“An Opportunity She Desperately Needed”: The Florida Mother’s Determined Battle to Save Her Daughter’s Life, and Her Victory

The Florida Mother’s Determined Battle to Save Her Daughter’s Life, and Her Victory. While many physicians asserted that her unborn child, who would enter the world without kidneys, faced insurmountable odds of survival, Andi Mahoney staunchly refused to surrender to such a bleak prognosis. Now, at the age of two, her daughter Emmie’s relentless battle against this rare and frequently fatal condition stands as a testament to the incredible force of determination, faith, and scientific advancements.

Their journey commenced in November 2020 when Andi Mahoney visited the doctor’s office for her 20-week scan. The scan revealed a harrowing diagnosis: her baby had bilateral renal agenesis, a condition in which the absence of kidneys is an extremely rare and often fatal occurrence, as explained by Doctor of the Fetal Institute in Miami.

Doctor noted, “Only about 0.013% of cases in America are diagnosed each year. The reason survival is deemed impossible is because the baby lacks amniotic fluid. Without functioning kidneys to process and excrete urine, they do not ingest the necessary fluids for proper development.”

Mahoney embarked on an exhaustive search before finally finding Doctor , after which she promptly organized a six-hour journey from Jacksonville to Miami. Given that the condition also hindered the development of the baby’s lungs, the key to the baby’s survival lay in Mahoney receiving infusions of fluids over a ten-week period.

“I continued making trips to Miami to secure more fluids, all in a bid to sustain Emmie’s life,” Mahoney recounted. “My baby depended on the infusion of fluids to facilitate breathing. Unfortunately, by the time I reached the 34-week milestone, I experienced an untimely rupture.”

At that juncture, Mahoney had to act swiftly, searching for a hospital capable of delivering her child and ensuring the baby’s survival. She located a hospital in Stanford, California, renowned for its expertise in assisting mothers in delivering babies with bilateral renal agenesis.

With her membranes ruptured, Mahoney embarked on a flight from Jacksonville to California, determined to reach a place that could safely bring Emmie into the world. The hospital not only offered the promise of delivering her baby but also instilled hope that Emmie would have a chance at life.

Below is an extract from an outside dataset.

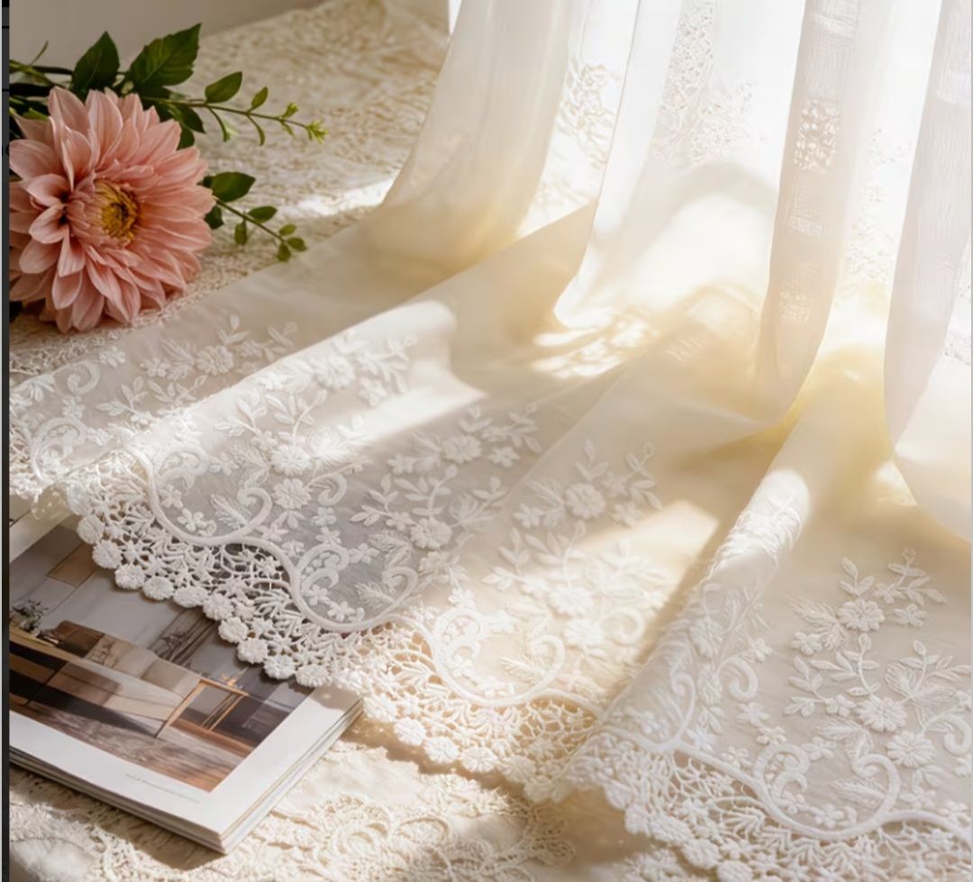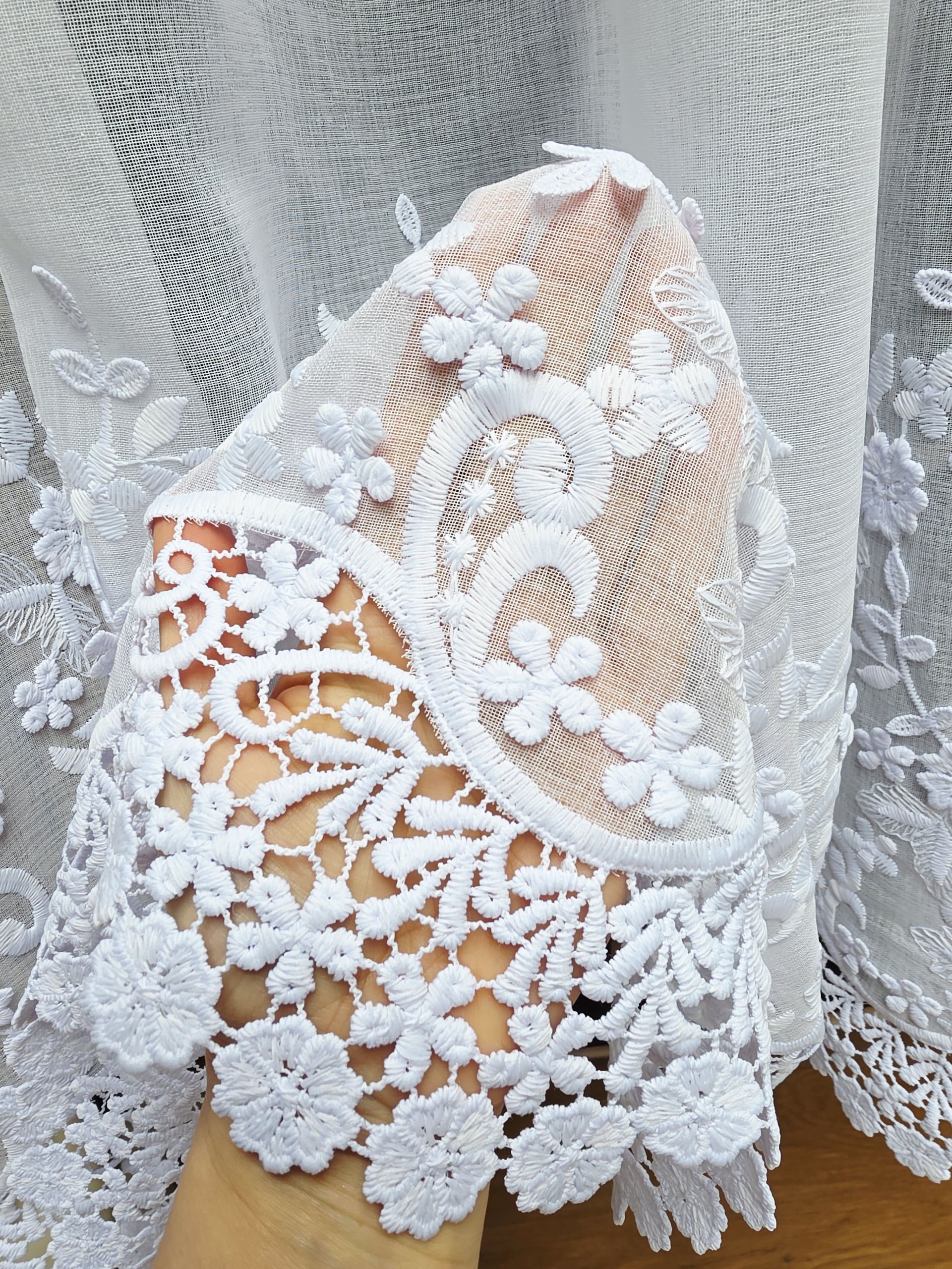 Boki oraz dół firany zdobi szeroki, bogato haftowany pas koronki z motywem florystycznym. Wymiar 130×250 cm sprawia, że firanka sięga do samej podłogi, co optycznie podwyższa pomieszczenie i nadaje mu sznytu.

On March 24, 2021, Emmie entered the world, surrounded by a team of doctors providing oxygen and tirelessly aiding in her battle for survival, as recounted by Mahoney. In that poignant moment, Mahoney expressed profound gratitude to a higher power, for her arduous journey had brought her to this pivotal juncture. While other medical professionals had initially conveyed a bleak prognosis, the doctors at Stanford Hospital held firm in their belief that Emmie had a fighting chance at life.

“I didn’t have the opportunity to meet her until after her surgery,” Mahoney recounted. “In those initial days, I was uncertain about her chances of survival. It involved a great deal of waiting and fervent prayers.”

Nonetheless, their journey was far from over. Emmie’s lung development remained severely underdeveloped, leading to tense moments that she eventually triumphed over. Additionally, Emmie still required a kidney and couldn’t leave the hospital until she reached six months of age.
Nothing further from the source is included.